Jedyny fenomen jaki widzę w Gothicu, to to że gra w wersji alpha została wypuszczona na rynek jako pełnoprawny produkt i jeszcze jakimś cudem zyskała grono fanów...
KoRnish -> Chyba bardziej ze wzgledu na spora interakcje z otoczeniem i rutynowe zachowania npcow. To chyba na tyle.
Skomentuję krótko: bzdury. Bardzo subiektywna opinia. Według mnie właśnie interfejs i sterowanie stanowił o sile imersji tej gry, między innymi zaletami. Sterowanie owszem, wymagało przyzwyczajenia, ale jak już nauczyliśmy się go na pamięć był to jeden z najbardziej intuicyjnych systemów w grach w ogóle. Wszystko robiło się gładko i automatycznie, a podczas walki było czuć, że faktycznie włada się bronią białą.
@sebogothic
Sterowanie w Gothicu jest nieintuicyjne. Kropka. Koniec. Jego obrona w postaci "bo dawniej trzeba się było uczyć" nie jest żadnym usprawiedliwieniem dla skopanego sterowania. Gra może być cholernie trudna i mieć proste sterowanie, może też być prosta i mieć skopane sterowanie, nieintuicyjne i z całkowitym brakiem logiki ułożenia grafiki. Gothic zalicza się do tego drugiego typu. Używanie Ctrl+strzałka do interakcji jest całkowicie sprzeczne z jakąkolwiek ergonomią i wygodą. Myszki były standardowym wyposażeniem gracza od co najmniej 9 lat w momencie premiery gry.
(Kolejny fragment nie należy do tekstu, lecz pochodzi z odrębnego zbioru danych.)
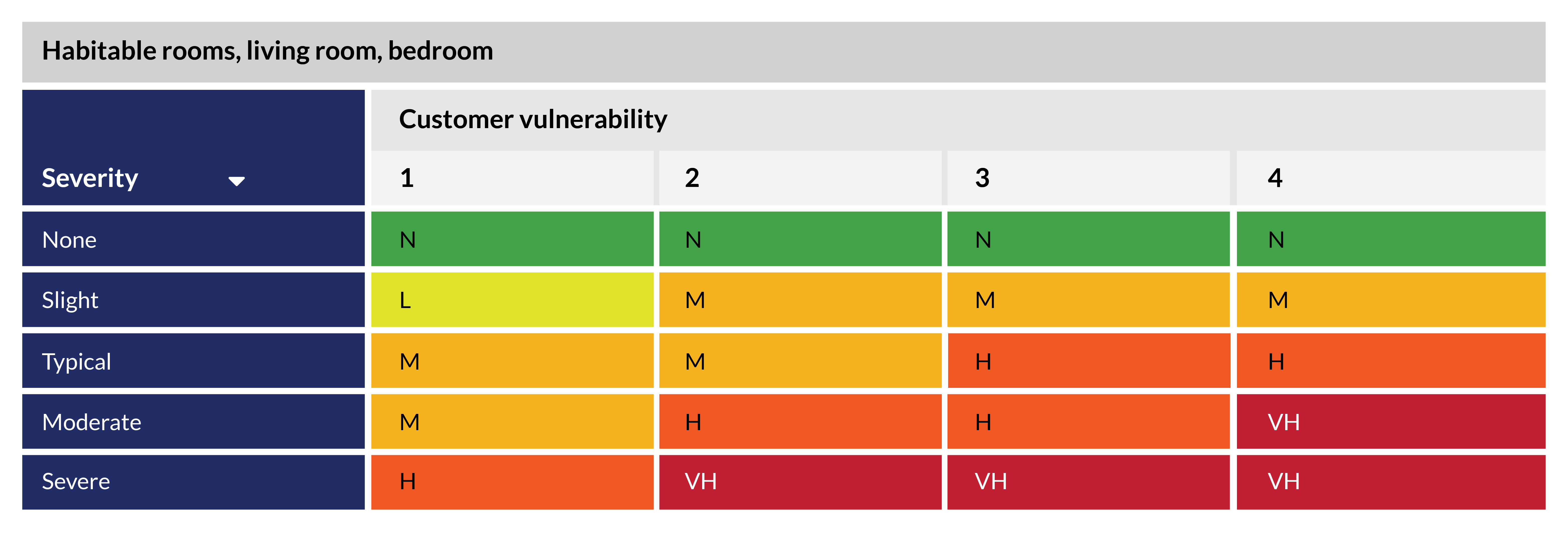 We will also take account of whether anyone in the home is more vulnerable to harm from damp or mould as well as where in the home the problems are. These factors may increase how quickly we respond and the actions we take. We use the next two assessment tables for this process.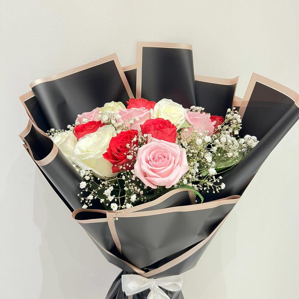 5 rosas blancas, 5 rosas fucsia, 5 rosas rosa claro, 3 gipsofila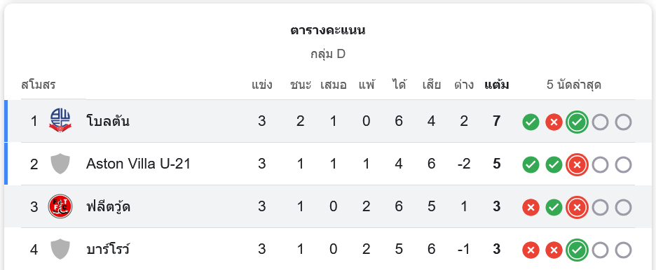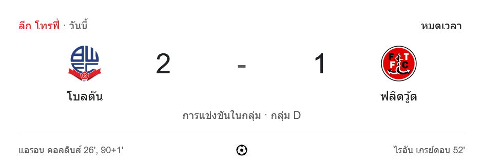 โบลตันขึ้นนำเป็นจ่าฝูงกลุ่ม D ด้วยการเก็บ 7 คะแนนจาก 3 นัด ขณะที่ฟลีตวู้ดยังคงอยู่อันดับที่ 3 มีเพียง 3 คะแนน ต้องเร่งฟอร์มในนัดถัดไปเพื่อหวังโอกาสเข้ารอบต่อไป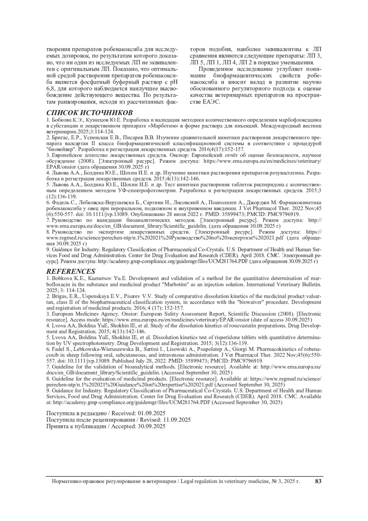1. Бобкова К.Э., Кузнецов Ю.Е. Разработка и валидация методики количественного определения марбофлоксацина в субстанции и лекарственном препарате “Марботим” в форме раствора для инъекций. Международный вестник ветеринарии.2025;3:114-124.

Ale fanboje serii nadal będą tłumaczyć, że to po to, by gra była trudna i tym podobne bzdury.
@Henrar: mylisz się, bo nie rozumiesz koncepcji. System był bardzo przemyślany i intuicyjny.
mylisz się, bo nie rozumiesz koncepcji. System był bardzo przemyślany i intuicyjny.
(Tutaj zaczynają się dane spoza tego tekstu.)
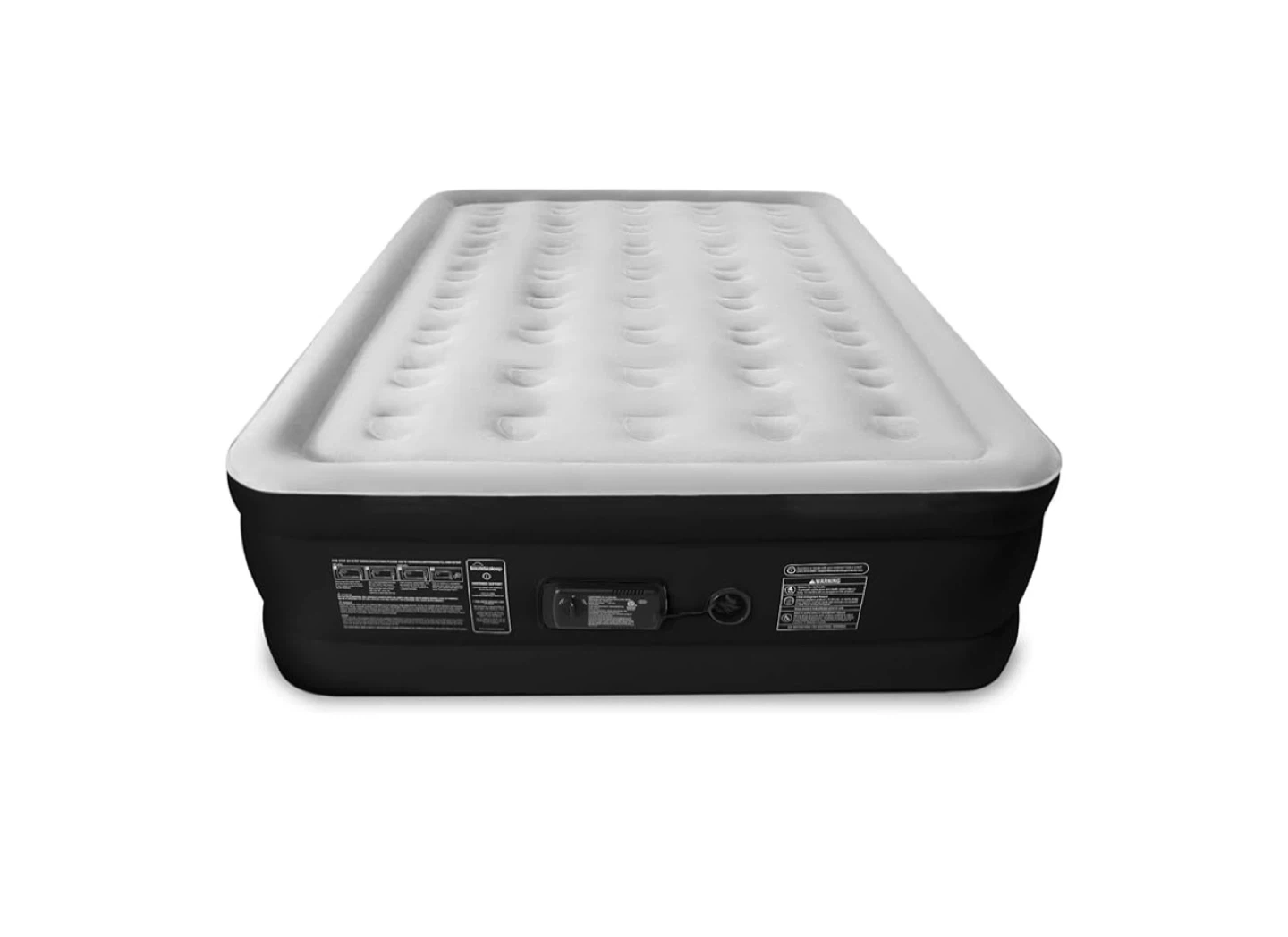 This air mattress features a durable plush flocked top that's extra thick and waterproof for luxurious comfort. It has a puncture-resistant multilayer 15 gauge material for increased durability. The raised border on the sides adds extra comfort and support. It also has a built-in pump for 1-click high capacity inflation, integrated cord storage, 40 comforcoils for added durability and support, and a suregrip bottom to prevent slipping

I pewnie dlatego odstraszyl tyle ludzi od tej gry.
Kiedyś napisałem artykuł, w którym stwierdziłem, że techniczne wady, jak i kilka innych można przeboleć. Pod warunkiem, że gra urzeknie nas klimatem, bohaterami, warstwą fabularną oraz wykreowanym światem.
@Lothers
Nie był, całkowicie nie był. To już nawet konsolowy Dragon Age Origins ma lepsze i wygodniejsze sterowania od Gothica.
Grę lubię, ale nigdy, przenigdy, nie powiem, że sterowanie tam było intuicyjne i przemyślane. No, chyba że projektant robił sterowanie pod siebie i dla niego było OK. Problem w tym, że to była gra stworzona dla ludzi, a - jak widać - ludziom się to sterowanie nie spodobało. A sterowanie to jeden z czynników, który decyduje o tym, czy granie w grę jest przyjemne lub nie. Pod tym względem Morrowind był o wiele lepszy.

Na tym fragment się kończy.